WHAT IS BEING ASKED:
Lines from the opening of the material through the line containing "Valentine s Day" must be duplicated word for word. Pictures are not.

[[ RECORDS SHOWN, beginning ]]

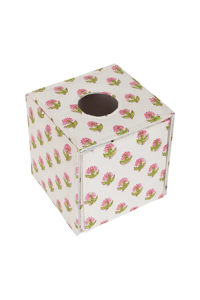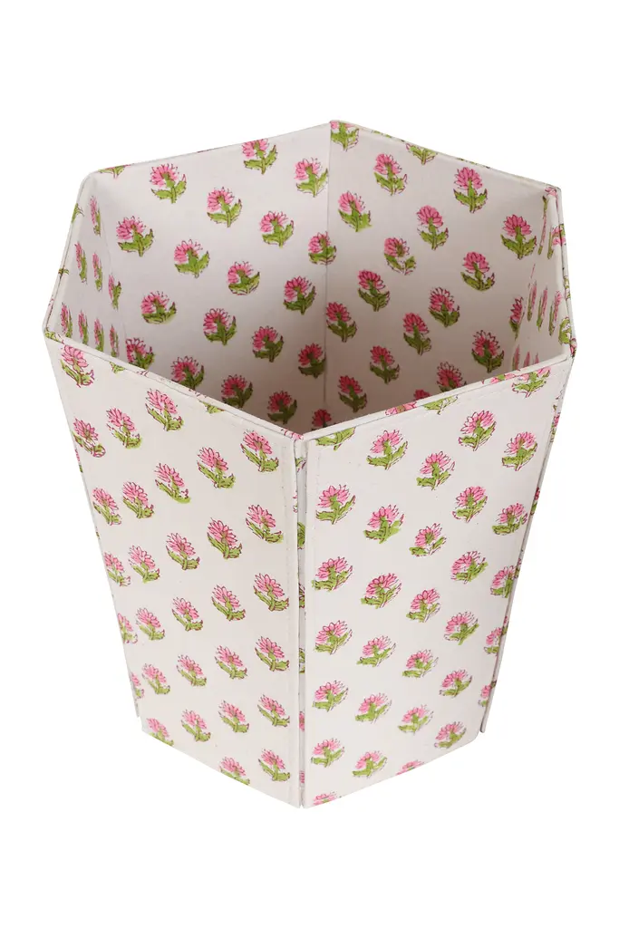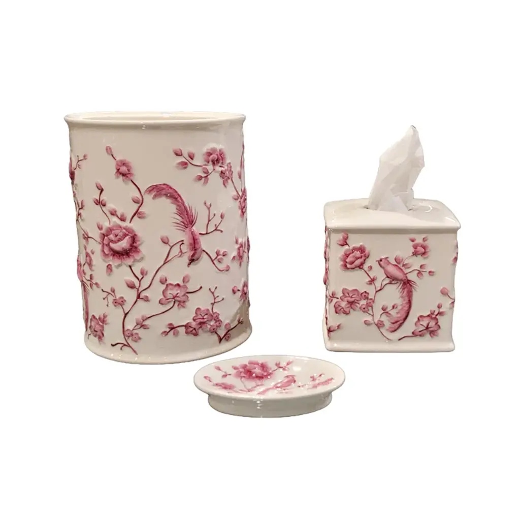 Dana Gibson Mosaic Wastebasket and Tissue Box in PinkMaterial: Painted tole/metalWastebasket: 12”HTissue Box: Standard sizing.
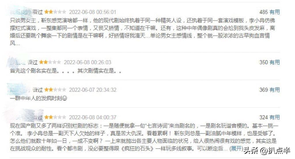 无论是人设还是剧情上,可以说靳东和童蕾都没有把故事诠释好,所以CP感也谈不上,一半以上的观众打出1星,并不冤枉。
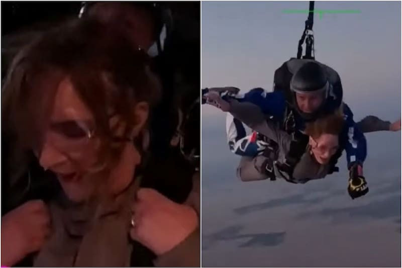 Tal como se pudo ver en los registros, la actriz ingresó al “regimiento” tras lanzarse en paracaídas desde un helicóptero.
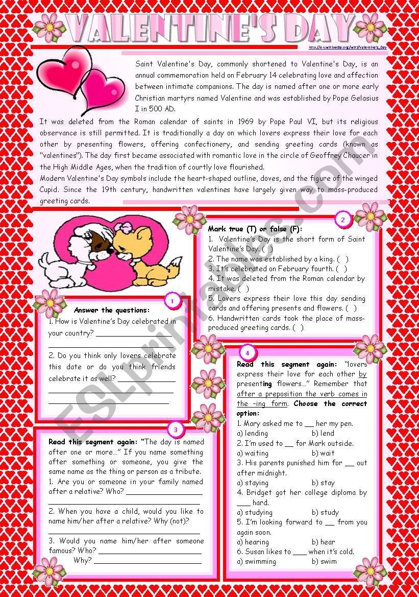 Valentine s Day Reading Comprehension Worksheet Free Printable
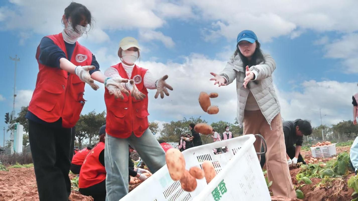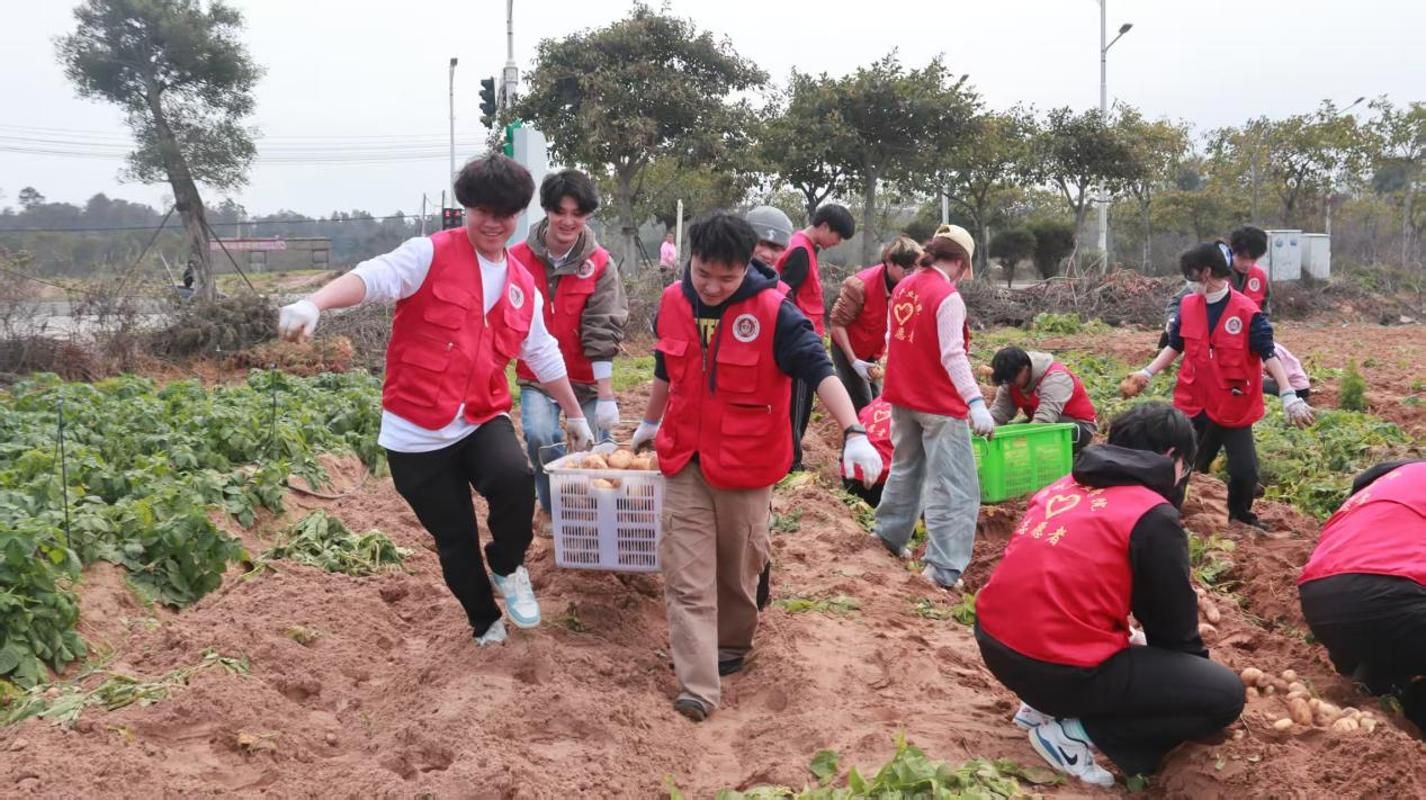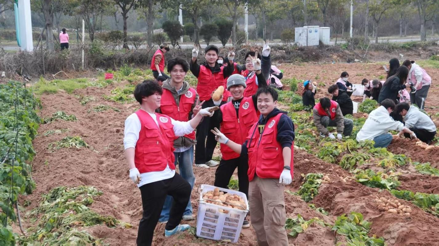 田间地头满是劳动热情与互助氛围。学员们分工协作、配合默契,有人刨土挖掘,有人捡拾分拣,有人装袋搬运,寂静的田地顿时热火朝天。大家高举成果相互展示,在协作中体会到劳动的价值与集体的力量。

[[ RECORDS SHOWN, end ]]

TASK SOLUTION:
 Dana Gibson Mosaic Wastebasket and Tissue Box in PinkMaterial: Painted tole/metalWastebasket: 12”HTissue Box: Standard sizing.
 无论是人设还是剧情上,可以说靳东和童蕾都没有把故事诠释好,所以CP感也谈不上,一半以上的观众打出1星,并不冤枉。
 Tal como se pudo ver en los registros, la actriz ingresó al “regimiento” tras lanzarse en paracaídas desde un helicóptero.
 Valentine s Day Reading Comprehension Worksheet Free Printable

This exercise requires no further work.